Having myself been all my life led about by my insatiable curiosity, and led into some curious situations, I was hardly one to point an accusing or ridiculing finger at the private practices of any other person or people. So I merely followed the smirking sadhu around the temple as he gesticulated and jabbered, and I made no surprised or scandalized outcries as Tofaa explained, “This is the adharottara, the upside-down act … this is the viparita surata, the perverse act … .” I was, in fact, regarding the sculptures from a different point of view, and pondering on a different aspect of them.
The carvings might well horrify a prudish spectator, but even the most censorious could not deny that they were fine art, beautifully and intricately done. The acts so explicitly portrayed were bawdy, God knows, even obscene, but the men and women involved were all smiling happily, and they were spirited and vivacious in their attitudes. They were enjoying themselves. So the sculptures expressed both a superb craftsmanship and a wonderful verve for life. They did not at all accord with the Hindus as I knew them: inept in everything they did, and doing everything with joyless sniveling, and doing very little.

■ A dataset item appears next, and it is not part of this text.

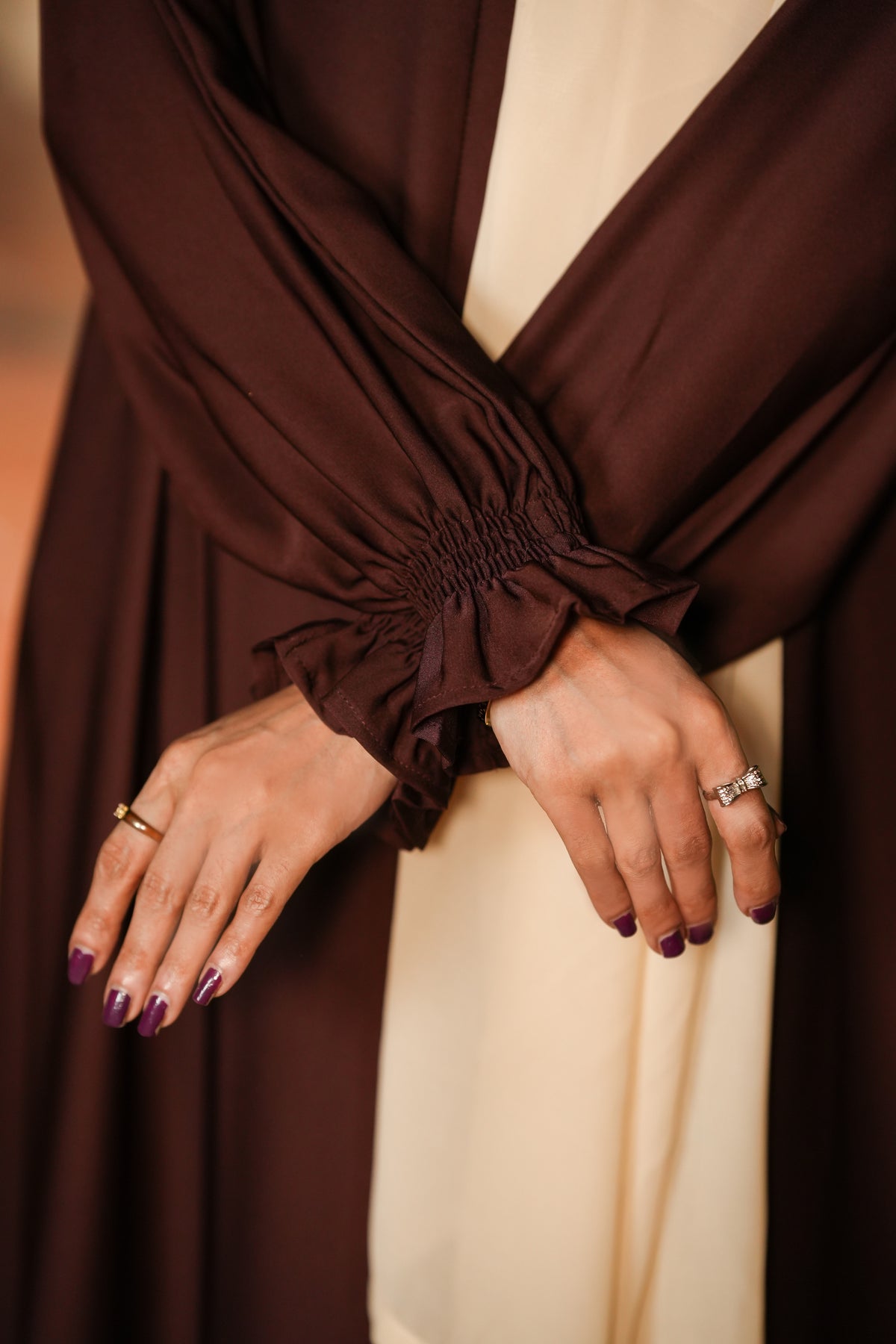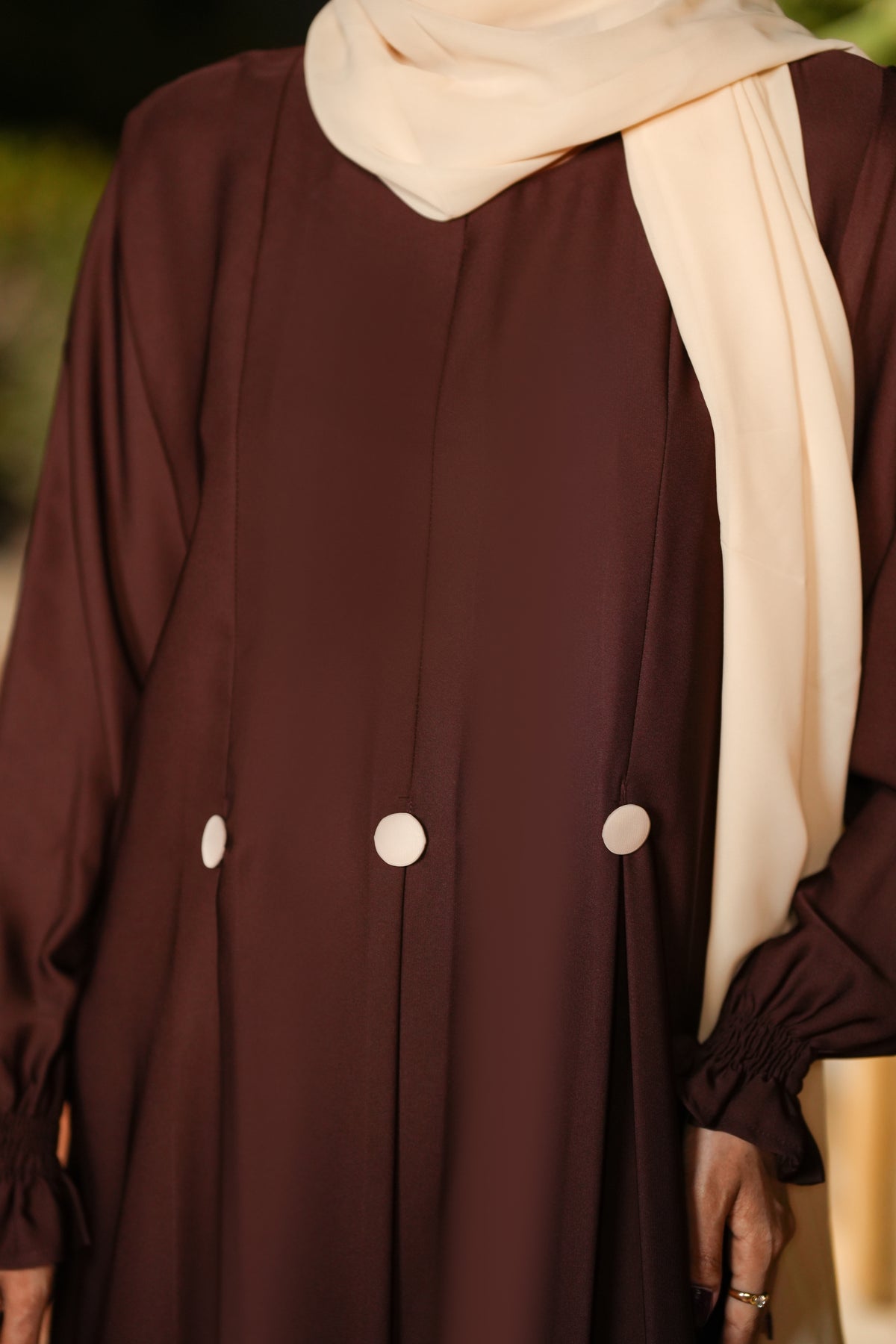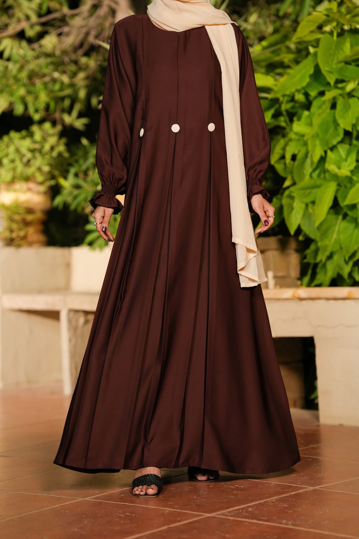 Chocolate Brown Buttoned Abaya – Nidah Fabric ✨

As an example of their backwardness: in contrast to the Han, whose historians had been minutely recording every least event in their dominions for thousands of years, the Hindus possessed not one written book recounting any of their history. They had only some “sacred” collections of unbelievable legends—unbelievable because, in them, all the Hindu men were tiger-brave and resourceful, and all the Hindu women angel-sweet and lovable. For another example: the Hindu garments called sari and dhoti were only swathings of fabric. That was because, although the most primitive people elsewhere had long ago invented the needle and the craft of sewing, the Hindus had not yet learned to use a needle and had not any word for “tailor” in any of their multitude of languages.